Medicare Benefit Policy Manual Updated to Permit Payment for Physical Therapy, Nursing Care and Other Services
In January 2014, the Center for Medicare & Medicaid Services (CMS) updated its Medicare Benefit Policy Manual (“Policy Manual”) to reflect a change whereby Medicare will now compensate Medicare beneficiaries for certain skilled care, including physical therapy, nursing care, and other such services, without taking into account the patient’s likelihood of improvement or prognosis of a chronic disease. The clarification in policy will affect care provided by skilled care professionals providing services to Medicare and Medicare Advantage plan beneficiaries for physical, occupational or speech therapy, and home health and nursing home care.
For years, it has been standard practice for skilled care to be discontinued once it was determined that a patient was ‘not improving’; Beneficiaries with chronic diseases such as multiple sclerosis, Parkinson’s or Alzheimer’s disease were not able to maintain their condition and prevent further deterioration. The Policy Manual has been revised to clarify that coverage of skilled nursing and skilled therapy services in the skilled nursing facility, home health and outpatient therapy settings “does not turn on the presence or absence of a beneficiary’s potential for improvement, but rather on the beneficiary’s need for skilled care.”
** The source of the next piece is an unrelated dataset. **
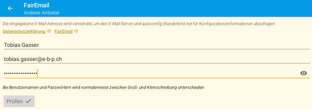 Auf den folgenden Seiten wird für die Screen-Shots jeweils das Konto tobias.gasser@e-b-p.ch verwendet. Bitte entsprechend auf IhrName@stammfriends.com anpassen!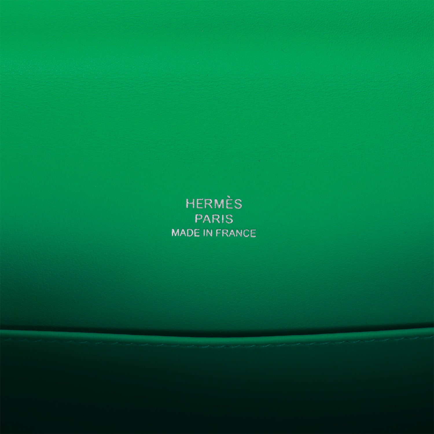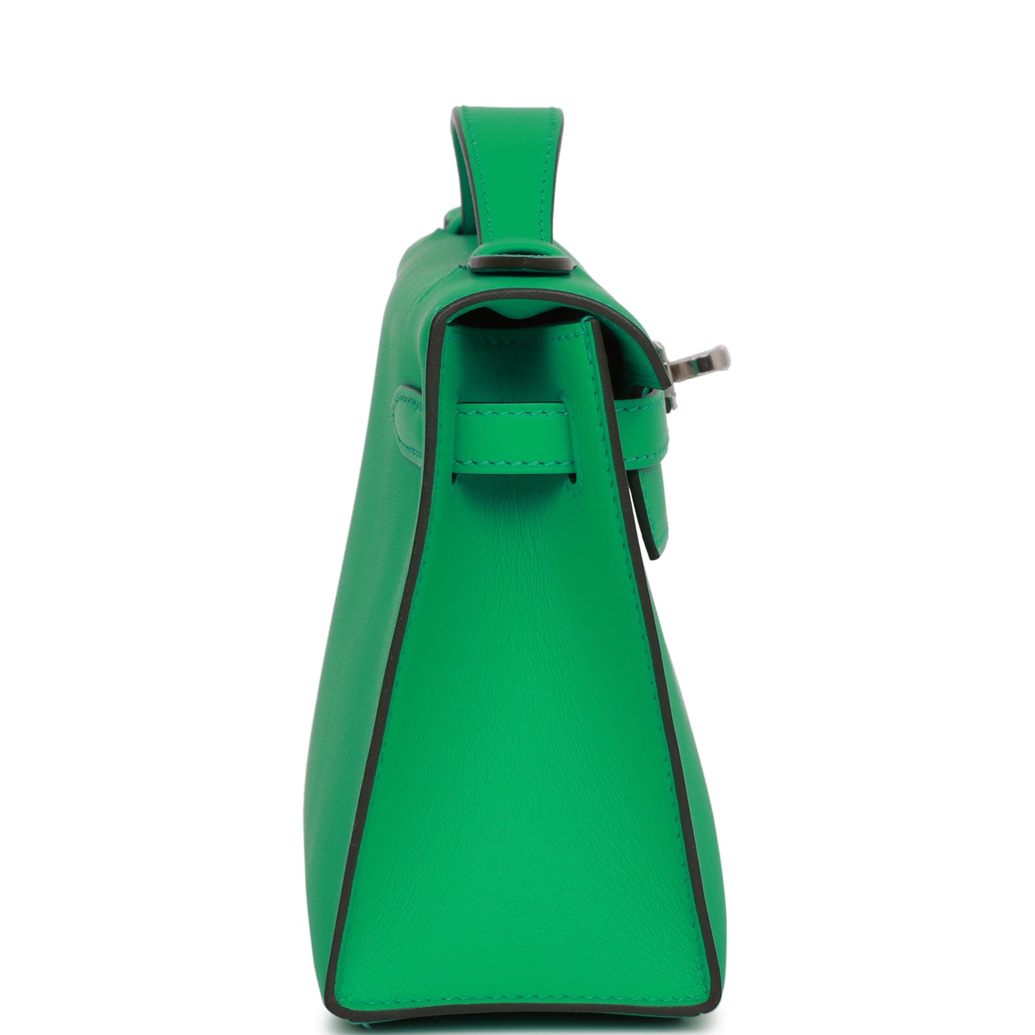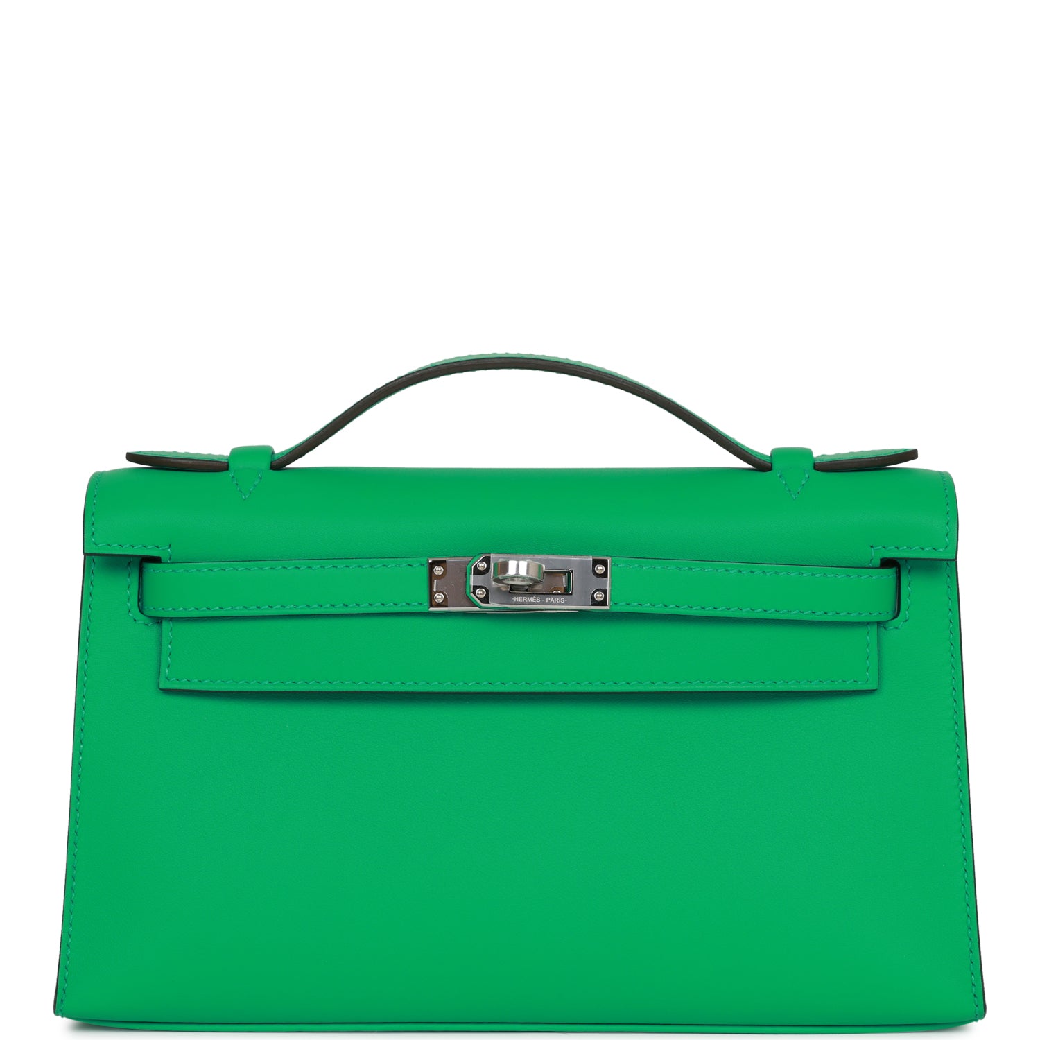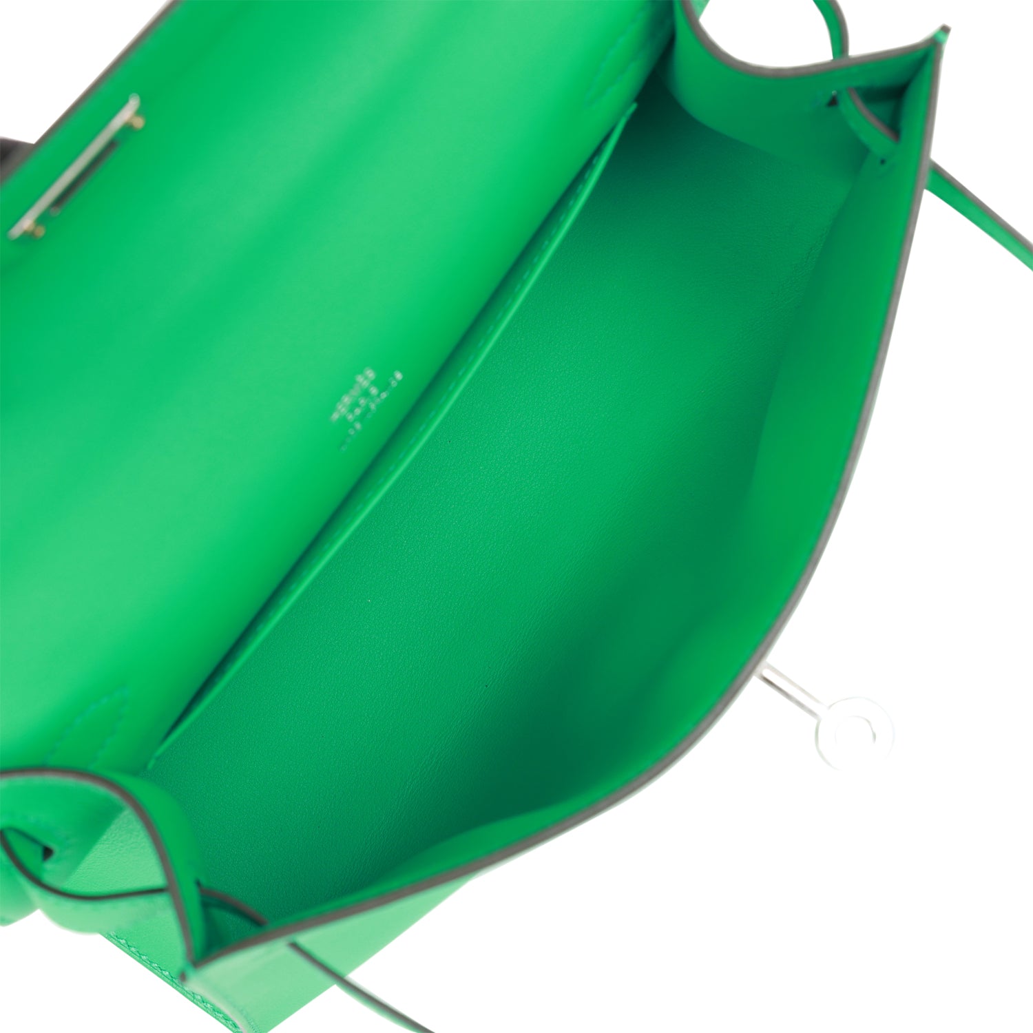This Mini Kelly Pochette is in Menthe swift leather with palladium hardware and has tonal stitching, front flap, two straps with center toggle closure and a top flat handle.

Eligibility criteria for the reimbursement of such skilled care services include, most notably:
- Physical and speech therapy – Therapy provided in a nursing home or an outpatient facility is subject this year to a $1,920 therapy cap, with an automatic exception for medically necessary treatments up to $3,700
- Home health coverage – Patient must obtain a doctor’s order for intermittent care on, at least, a weekly basis
- Nursing home coverage – Patient must have spent three consecutive nights in the hospital as an admitted patient, and must obtain a doctor’s order prescribing skilled nursing home care
The change is expected to have a tremendous effect on beneficiaries, allowing for patients with chronic diseases to seek and obtain skilled care for a longer period of time and from their own homes without seeking institutional care. Medicare has not, however, announced the significant update to its beneficiaries; in fact, Medicare officials were required only to inform health care providers, bill processors, auditors, Medicare Advantage plans, the Medicare information line, and appeals judges.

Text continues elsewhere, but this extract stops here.